Okay, having read your responses to other comments it looks like you're looking for advice on how to ask people out. Which is different from your original questions, so you're not getting the answers you're looking for.
It sounds like you don't have issues with meeting people, which is step one. Step two is identifying who of those people you are interested in and are potentially available. Step three is asking them out (or being asked out) successfully. Step three is difficult for many people, especially if step two is ignored/skipped. Step three is also the most complicated, and I'd recommend making a completely new post about it because what you've done here is the relationship equivalent of asking the internet how to do basic algebra, and following it up with "now how do I utilize that concept in this seven-part question from my Calculus II homework?"
For the new post I'd recommend including a lot more context, including your gender, orientation, age range, dating experience/history, and what specifically you're struggling with. For instance, are you asking people out but getting turned down? Are you struggling to identify who to ask out? Are you having difficulty making your romantic (vs platonic) intentions known, or interpreting if the other person is interested back? Give examples of what has/hasn't worked. Your original questions were too vague and too lacking in personal detail to get the specific advice it sounds like you're looking for.

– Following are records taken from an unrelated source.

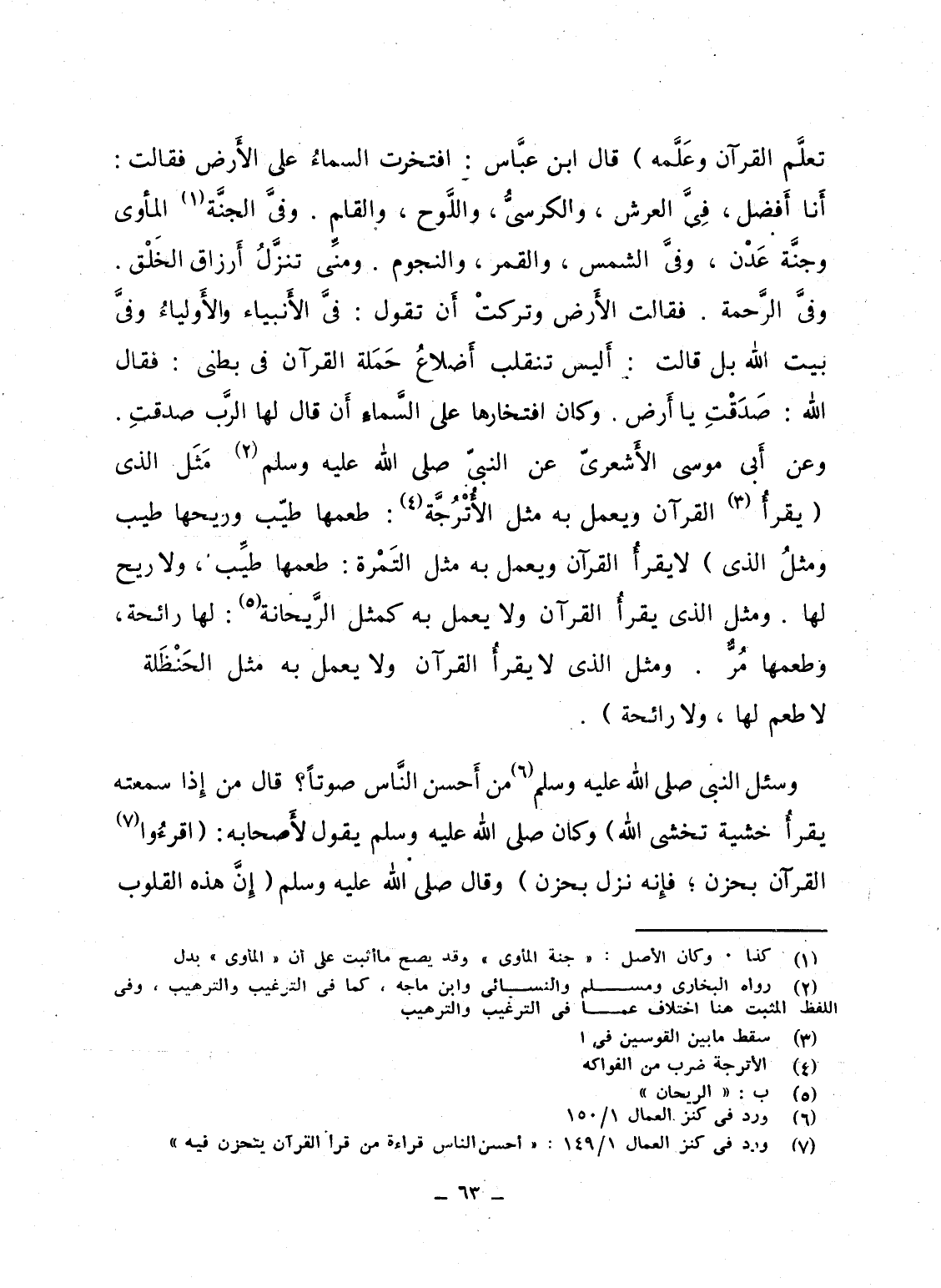 تعلَّم القرآن وعَلَّمه" قال ابن عبَّاس: افتخرت السماءُ على الأَرض فقالت: أَنا أَفضل، فِىَّ العرش، والكرسيُّ، واللَّوح، والقلم. وفيَّ الجنَّة المأوى وجنَّة عَدْن، وفىَّ الشمس، والقمر، والنجوم. ومنِّى تنزَّلُ أَرزاق الخَلْق. وفىَّ الرَّحمة. فقالت الأَرض وتركتْ أَن تقول: فىَّ الأَنبياء والأَولياءُ وفىَّ بيت الله بل قالت: أَليس تنقلب أضلاعُ حَمَلة القرآن فى بطنى: فقال الله: صَدَقْتِ يا أَرض. وكان افتخارها على السَّماءِ أَن قال لها الرَّب صدقتِ. وعن أَبى موسى الأَشعرىّ عن النبىّ صلى الله عليه وسلم مَثَل الذى "يقرأُ القرآن ويعمل به مثل الأُتْرُجَّة: طعمها طيّب وريحها طيب ومثلُ الذى لا يقرأُ القرآن ويعمل به مثل التَمْرة: طعمها طيِّب، ولا ريح لها. ومثل الذى يقرأُ القرآن ولا يعمل به كمثل الرَّيحانة: لها رائحة، وطعمها مُرٌّ. ومثل الذى لا يقرأُ القرآن ولا يعمل به مثل الحَنْظَلة. لا طعم لها، ولا رائحة".
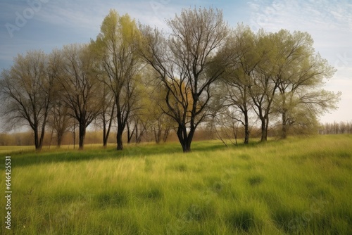 Fototapeta premium closeup of trees growing on an empty grassy field
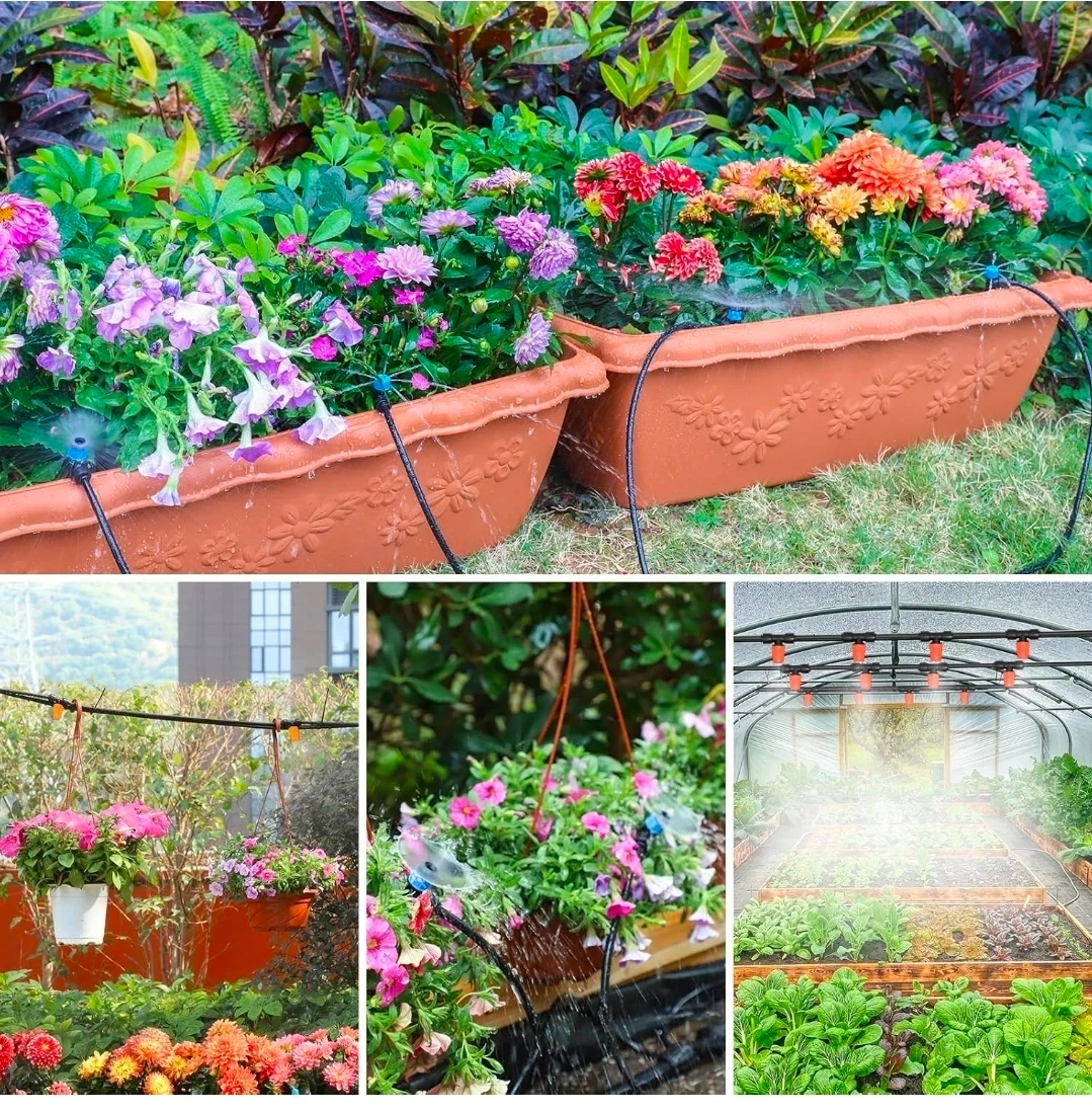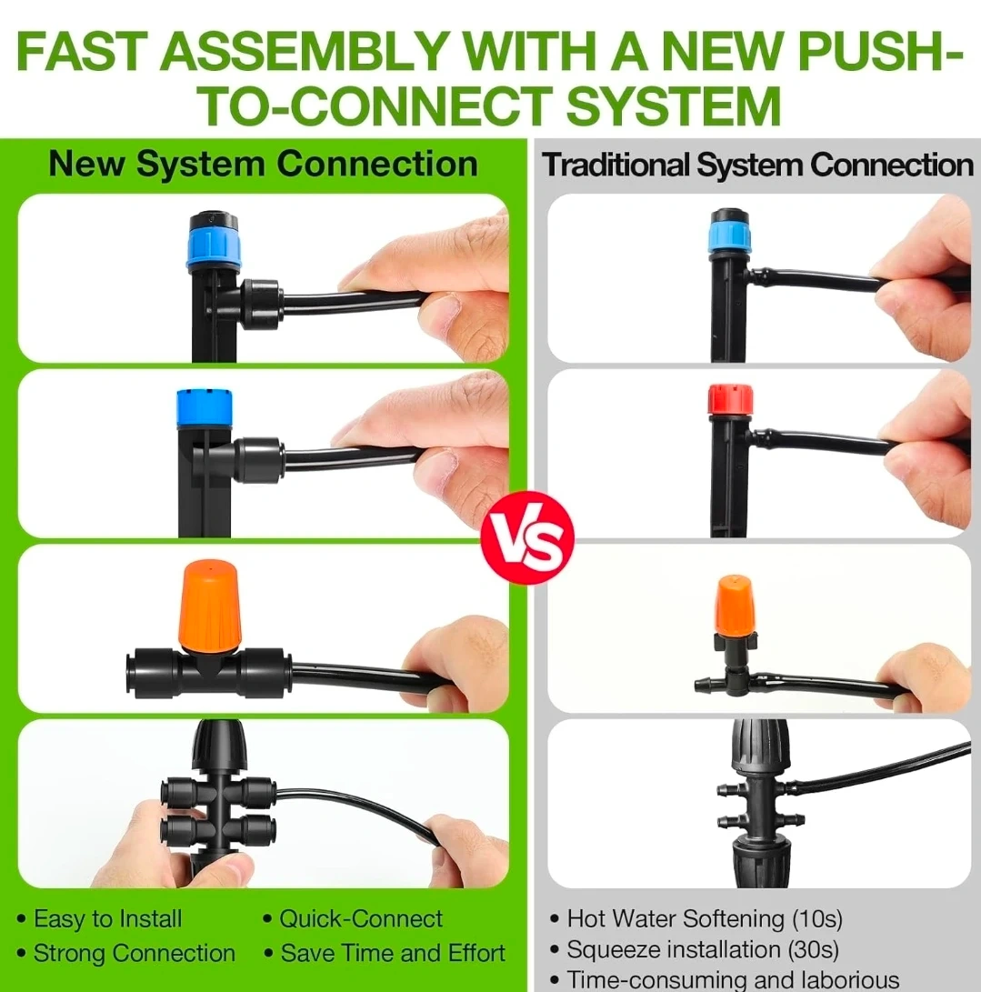 This automatic drip irrigation system from MIXC is great for watering gardens. It features a fast push-to-connect system for easy assembly. This kit includes multiple sprayer types and ways to split the lines.
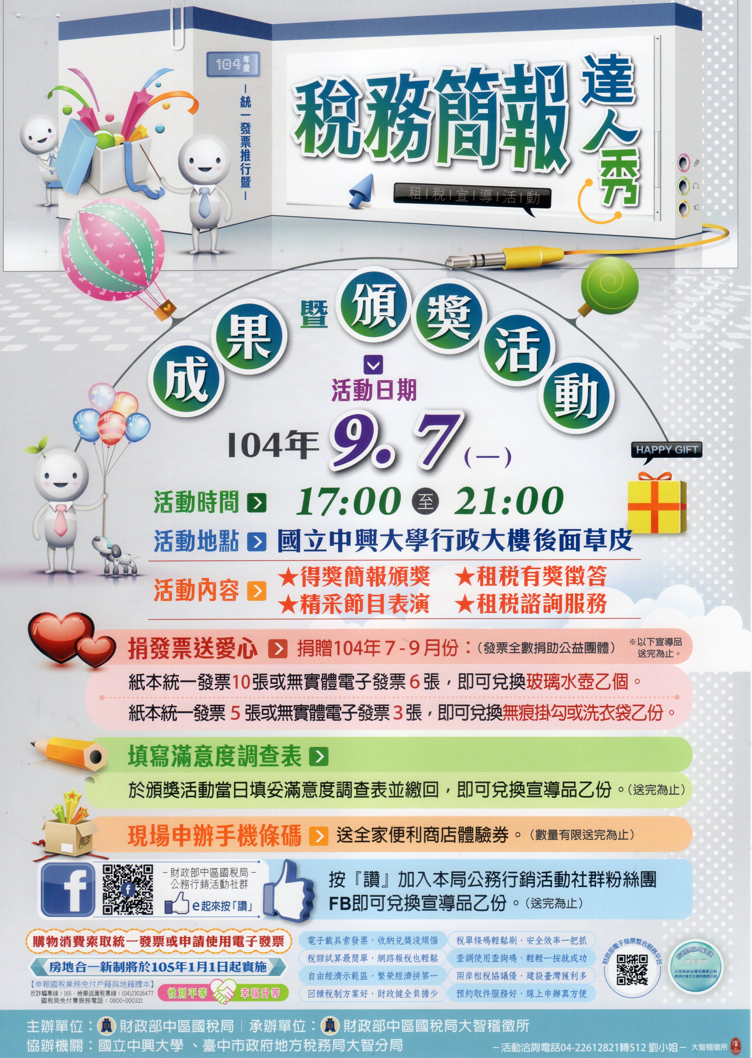 活動內容:得獎簡報頒獎、精采節目表演、租稅有獎徵答、租稅諮詢服務等
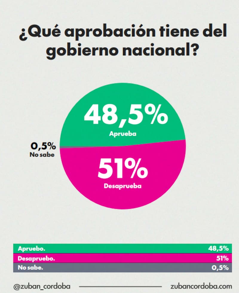 Los datos del último informe de Zuban Córdoba & Asociados revelan un escenario de paridad casi perfecta: el 48,5% de la población aprueba la gestión del Gobierno nacional, mientras que el 51% la desaprueba.
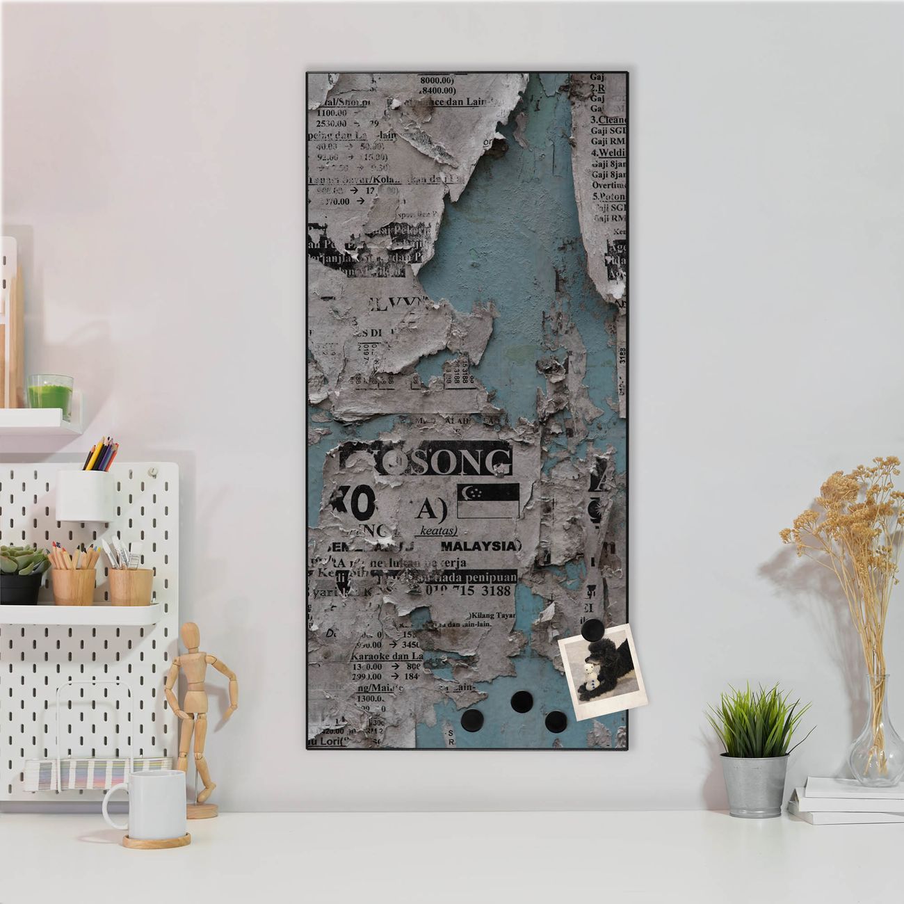 Stahl Magnettafel Hochformat 78x37cm Wand mit Zeitungen

Also, are you by chance neurodivergent? That is another factor that will change the advice that you're looking for.
A final obligatory disclaimer: please do be careful with what advice you seek out and receive. There is a lot of shitty "dating strategy" advice out there that is ineffective at best and harmful at worst (redpill, alpha male, Andrew Tate, Jordan Peterson, etc). Failure can easily come from taking good advice to the extreme: yes it helps to be a well-groomed, well-dressed, fit, good-looking, charismatic, and financially successful person, but that doesn't mean that if you're not late-90s Brad Pitt you're doomed to failure (that's the incel trap). Also, some people luck out and live long, happy lives with the first person they ask out, but that's exceedingly rare. Nearly everyone faces failure in dating, and sometimes that failure was because of something you did wrong or could have done better (lessons to learn from), but sometimes it's just because the two people weren't a good fit (no lesson to learn, except dust yourself off and try again).